┌─ Data for this task

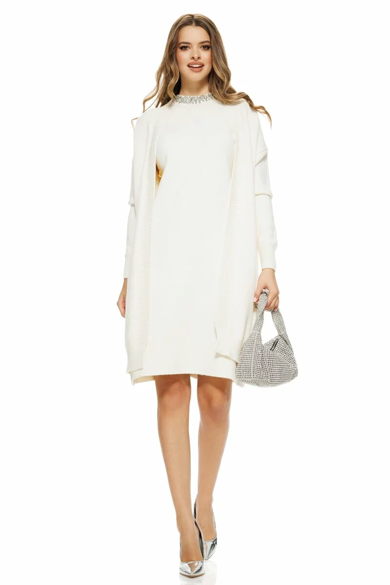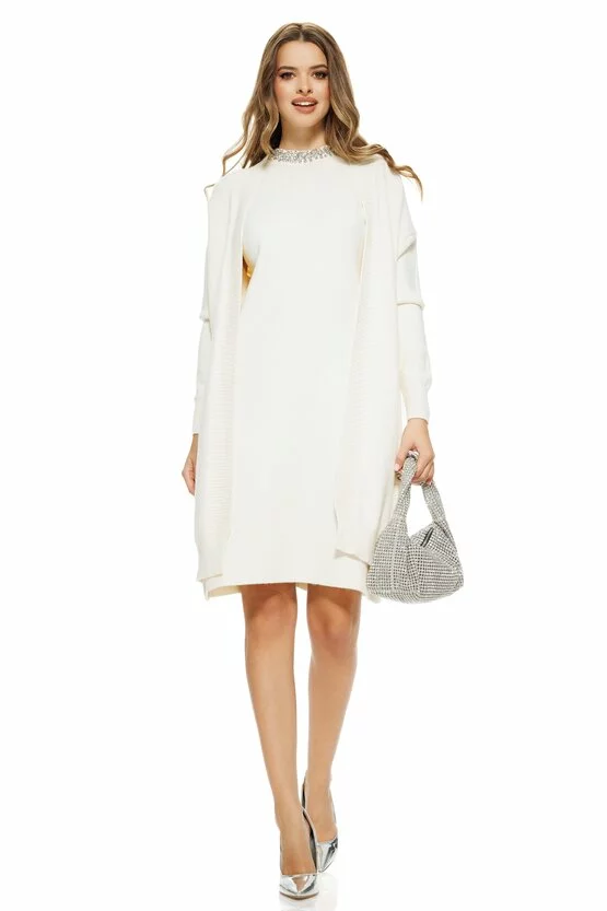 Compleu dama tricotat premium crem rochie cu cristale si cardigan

└─
┌─ Data for this task

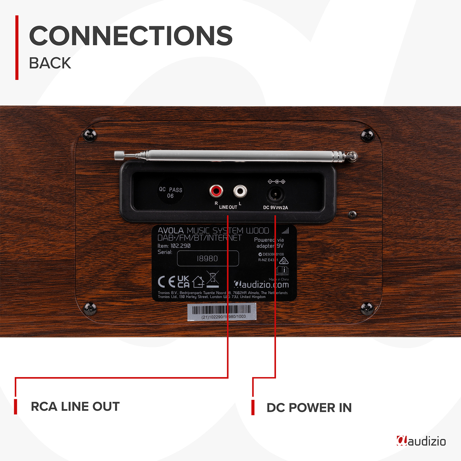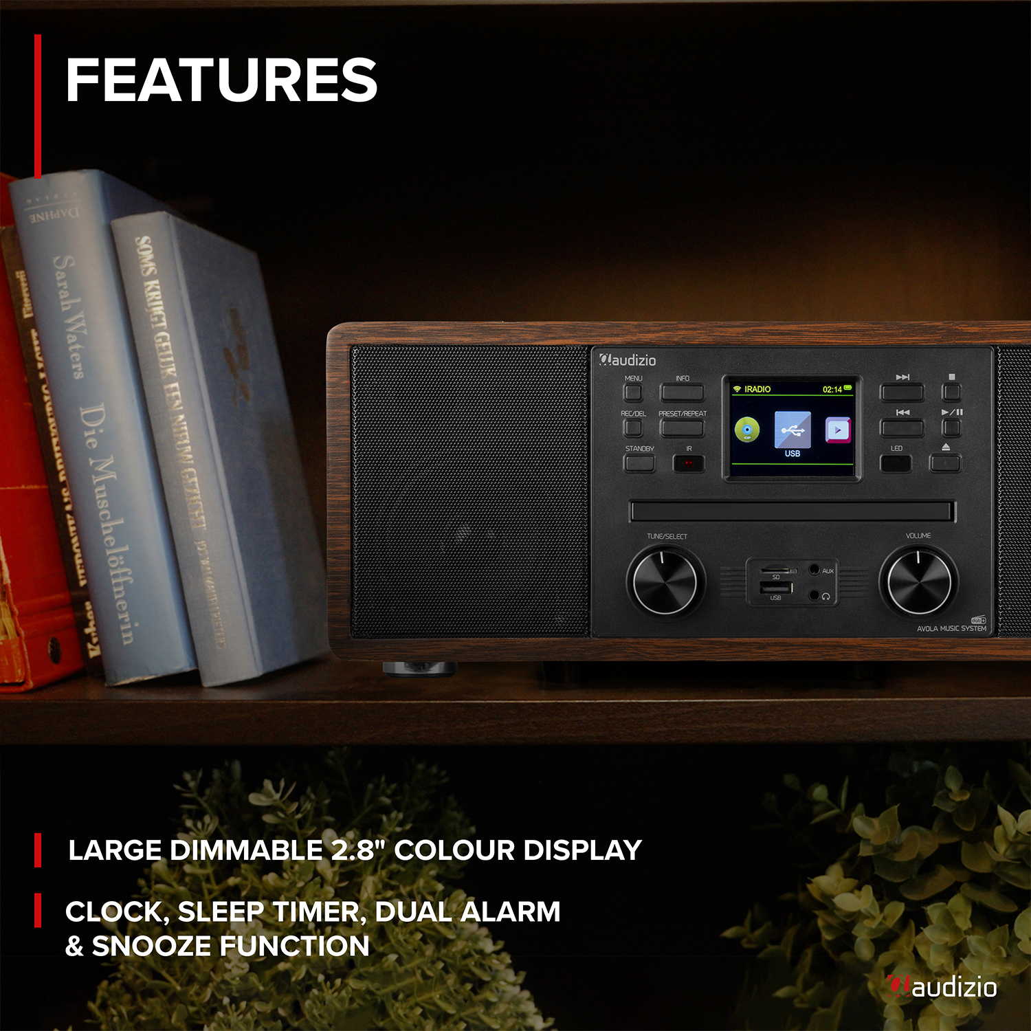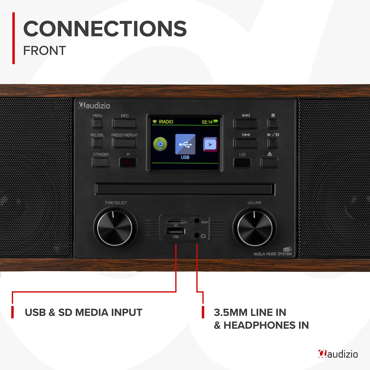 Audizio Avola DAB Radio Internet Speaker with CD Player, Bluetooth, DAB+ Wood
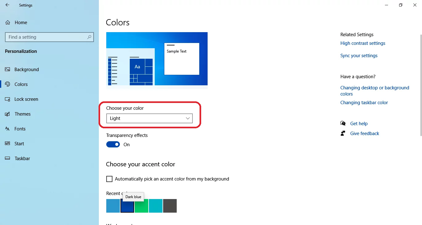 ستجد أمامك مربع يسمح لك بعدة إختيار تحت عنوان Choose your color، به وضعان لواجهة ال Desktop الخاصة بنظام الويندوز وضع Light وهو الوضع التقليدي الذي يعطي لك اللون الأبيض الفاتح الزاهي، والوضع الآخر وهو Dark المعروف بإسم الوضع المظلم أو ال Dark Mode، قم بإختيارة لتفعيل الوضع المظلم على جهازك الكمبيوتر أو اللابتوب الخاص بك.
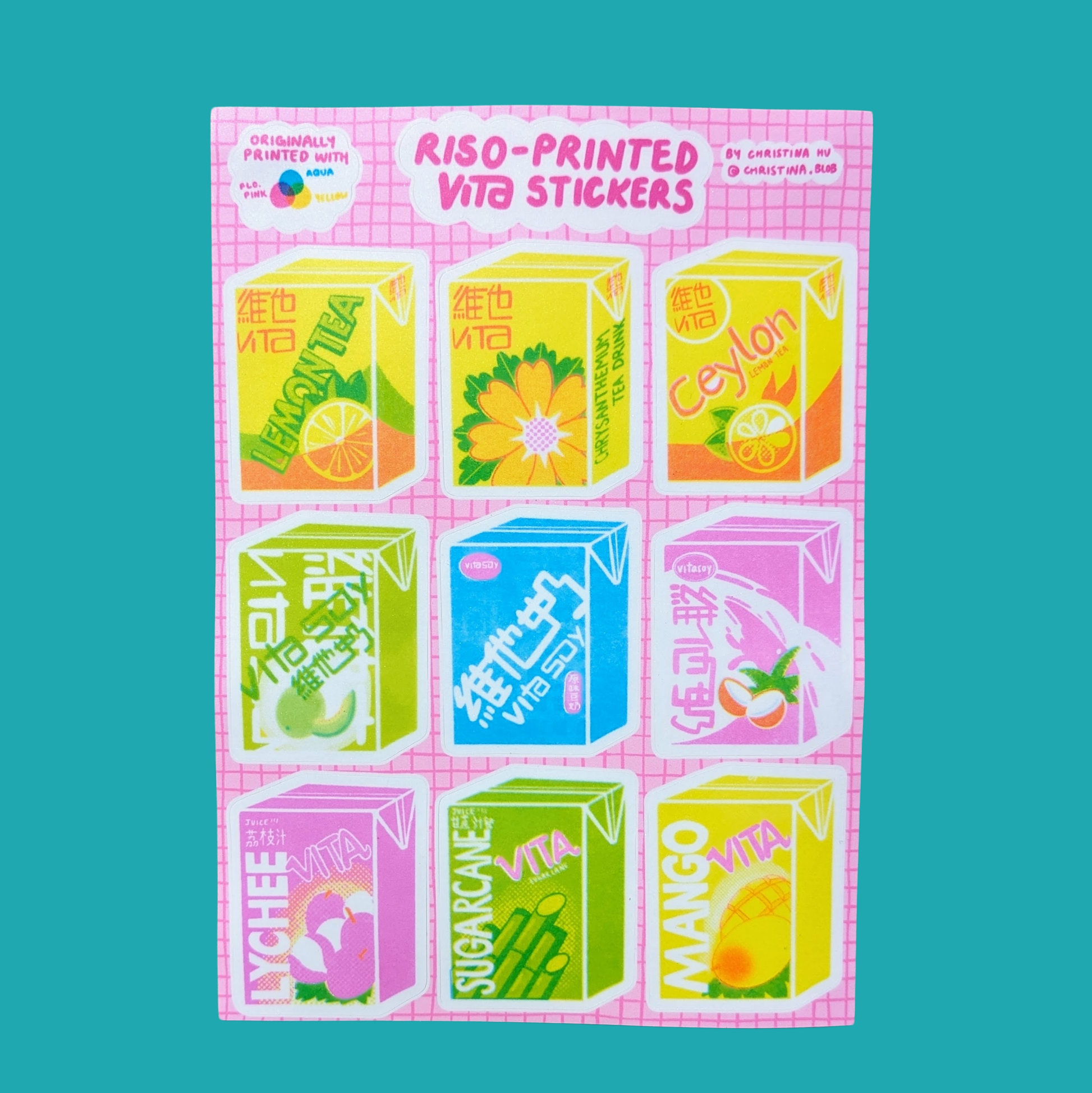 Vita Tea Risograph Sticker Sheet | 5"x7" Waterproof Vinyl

└─

**What this task involves:**
Look through the listing above for the line with "ستجد أمامك مربع" and the line with "Vita Tea Risograph". Write out exactly those lines and everything between, leaving out pictures.

**Exercise response:**
 ستجد أمامك مربع يسمح لك بعدة إختيار تحت عنوان Choose your color، به وضعان لواجهة ال Desktop الخاصة بنظام الويندوز وضع Light وهو الوضع التقليدي الذي يعطي لك اللون الأبيض الفاتح الزاهي، والوضع الآخر وهو Dark المعروف بإسم الوضع المظلم أو ال Dark Mode، قم بإختيارة لتفعيل الوضع المظلم على جهازك الكمبيوتر أو اللابتوب الخاص بك.
 Vita Tea Risograph Sticker Sheet | 5"x7" Waterproof Vinyl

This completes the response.